Is adjudication serving to resolve small payment disputes and provide cash flow?
We were recently required to run a small (circa £40k) dispute through the adjudication process for one of our clients. The dispute itself was fairly simple and comprised of the usual story of a groundworks subcontractor having undertaken instructed works and subsequently being ignored by the main contractor.
The subcontractor unfortunately hadn’t received a payment certificate and hadn’t issued an invoice to enable us (or their solicitors) to allow a statutory demand or similar to be served.
The decision meant that a small subcontractor, who had not yet been paid for work undertaken for a regional contractor, now had to make a not unsubstantial payment for the adjudicator’s fees
The adjudication notice and referral were issued without any notable comments and then there began the myriad of (and unfortunately now far too usual) jurisdictional challenges, all of which served to be tactical and without any real prospect of success but clearly required the adjudicator to at least consider their contents and thereby increase his fee. Having responded to these challenges the responding party then chose to withdraw themselves from the adjudication, presumably on the basis that there was no defence that could be raised (it was a very simple case of an agreed scope for an agreed sum having been completed without any defects).

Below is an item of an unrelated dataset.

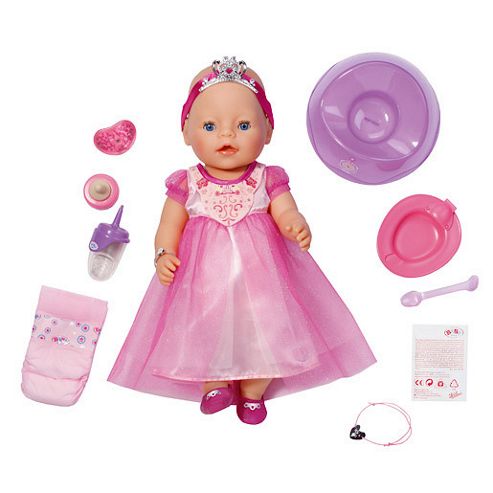 Give your Baby Born Interactive Princess Doll extraspecial care She comes with her own beautiful fairy tale outfit elegant little slippers and a headband with tiara. Your Baby Born Princess doll also has eight lifelike functions. Give Baby Born a drink from her bottle put her on the potty and even comfort her when she cries. She behaves just like a real baby so make sure she gets the attention she deserves. Use the 10 accessories to keep your little Princess as happy as can be. Nothings too good for the kings daughterSuitable for ages 3 years Safety InformationWarning. Not suitable for Children under 3 years.

Upon it becoming clear that the adjudication was proceeding ex-parte, and upon the facts that no documents relating to the dispute (other than the jurisdictional challenges) had been served we suggested that the adjudicator need not take his full 28 days in which to make his decision (after all, the Scheme does say within 28 days), the reply we received was that he would proceed in accordance with natural justice (which meant he’d give his decision on the 28th day).
Upon the adjudicator making his decision (which unsurprisingly consisted of an outright win for our client) he decided that it was going to be far too difficult to obtain his fees from the losing party so required our client to pay his fees and seek reimbursement. The decision meant that a small subcontractor, who had not yet been paid for work undertaken for a regional contractor, now had to make a not unsubstantial payment for the adjudicator’s fees.
The main contractor then chose to completely ignore the adjudicator’s decision instructing them to make the outstanding payment. We then chased the money on our client’s behalf and subsequently instructed a solicitor to do likewise. Our client (the small subcontractor) was now all out of money and whilst the numerous judgments suggest that the courts would enforce an adjudicators award applying for summary judgment was simply going to cost too much for them.
In the end (one month after the decision) the main contractor rang up our client and suggested he go to their offices for a meeting. During this meeting our client was told that there was no need to go through the hassle of adjudication to get their money. But, our client only got a cheque for half his money (he was on the verge of going bust and had nothing left to bargain with) and none of his costs.
The question has to arise, how is natural justice served when an un-defendable dispute doesn’t provide a particularly quick decision and doesn’t provide for a quick and cheap enforcement procedure?